Yeah, I know all about the medical advances, and I know all about all the reasons for hope -- way more than the uneducated laypeople who are saying these things! And I have that hope, and delight in my child. But it feels like they're trying to negate the impact of the fact that she has an incurable genetic disease and a life expectancy in the mid-30s. Stop telling me that doesn't suck. It does.

Big, big hugs to all the mamas here!! Reading what you all struggle with makes me humble. And, it makes me feel like I shouldn`t even be complaining.

As I have said, my son has no DX. I don`t know if he will get one, but last time we had someone here to look at our homeschooling (in Norway people from the county/state/whatever comes home to any homeschooling family a few times a year to see what the kid is doing, that every law is being followed etc.) they both (2 ladies in their 60`s, with lots of experience working with kids) reacted to something LoveBug did. He got really scared and confused because they suggested something to him that he wasn`t prepared for. So he locked himself in the bathroom for 30 minutes, crying. I was SOOO happy someone actually saw that, AND reacted. So now we have someone who will "testify" that this is not something we parents are making up.
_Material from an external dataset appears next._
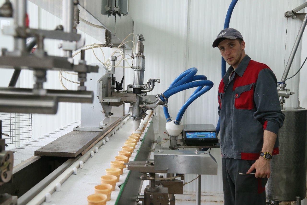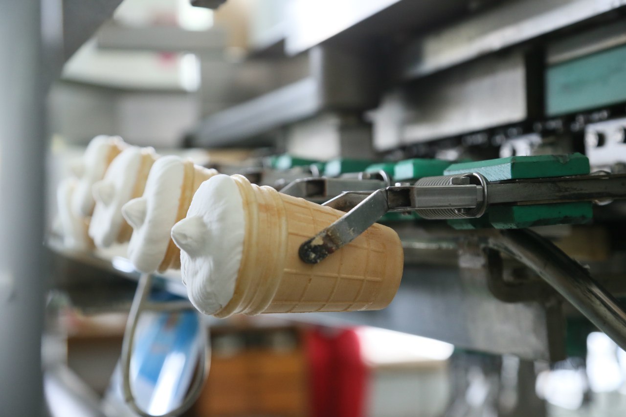 Всё выше перечисленное смешивают в специальной машине. Потом массу оставляют «дозревать» на четыре часа и лишь после этого пускают ее на фасовочную линию. А тут все как на картинке: мягкая пушистая смесь заполняет движущиеся по линии вафельные стаканчики. Их, кстати, пекут тут же на предприятии.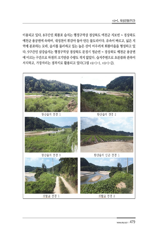 vii-1. 육상곤충 주간 www.nie.re.kr ?479 이용되고 있다. 8구간인 회룡포 습지는 행정구역상 경상북도 예천군 지보면 경상북도 예천군 용궁면에 속하며, 내성천이 휘감아 돌아 만든 물도리이다. 유속이 빠르고, 넓은 지 역에 분포하는 모래, 습지를 둘러싸고 있는 높은 산이 어우러져 회룡마을을 형성하고 있 다. 9구간인 삼강습지는 행정구역상 경상북도 문경시 영순면 경상북도 예천군 용궁면 에 이르는 구간으로 하천의 크기만큼 수량도 적지 않았다. 습지주변으로 초분류와 관목이 서식하고, 가장자리는 경작지로 활용되고 있다 그림 vii-1-1, vii-1-2

Sorry, not relevant in this thread. But one of the things that makes me really angry/sad/frustrated is that whenever people minimize what he (and we as parents) are going through, they always use the fact that he has no dx as a way of saying that he isn`t really troubled, or that we are overreacting or something similar. And it really, really hurts. It hurts him, too. He knows that the evaluation didn`t show anything that could be diagnosed, and it makes him feel that they think he lies. And he sooo isn`t. And we aren`t. Seeing him at 6, hyperventilating and asking to die just isn`t normal. And when people try to tell me that "their kid can be scared/different/crying/angry, too" just isn`t helping. It feels offensive.

Sorry so long. This thread triggers something in me. Right now he is doing very well. (For him, that is.) But in the fall he will begin part-time school again, and I KNOW that he will be worse again. And we will struggle to get heard, seen and believed again.

Yep, we've gotten this, too. The one that irritates me the most is "oh she'll grow out of it/she'll catch up!" I have to emphasize that she has SIGNIFICANT brain damage- half of her brain was killed completely by her stroke. You don't just "grow out of" that.

She's also seriously visually impaired and it makes me crazy when people say "why don't you get her glasses" as if I'm some kind of moron. Then I have to sit and explain how she has no issue with the structures of her eyes (which is what glasses deal with) it's a PROCESSING problem because she HAS NO OCCIPITAL LOBE! AHHH!! She did wear glasses briefly when she was a baby to help correct a strabismus, but they do nothing for her now.

I know most people are just trying to be helpful or encouraging, but they don't realize I have to deal with the same questions over and over every day. It gets irritating after awhile.

This reminds me of my friend who got flack for using the "handicapped" stall in the bathroom, so she pulled up her shirt to show her ileostomy bag. She is an adult though, of course she wouldn't have done something like that with a child.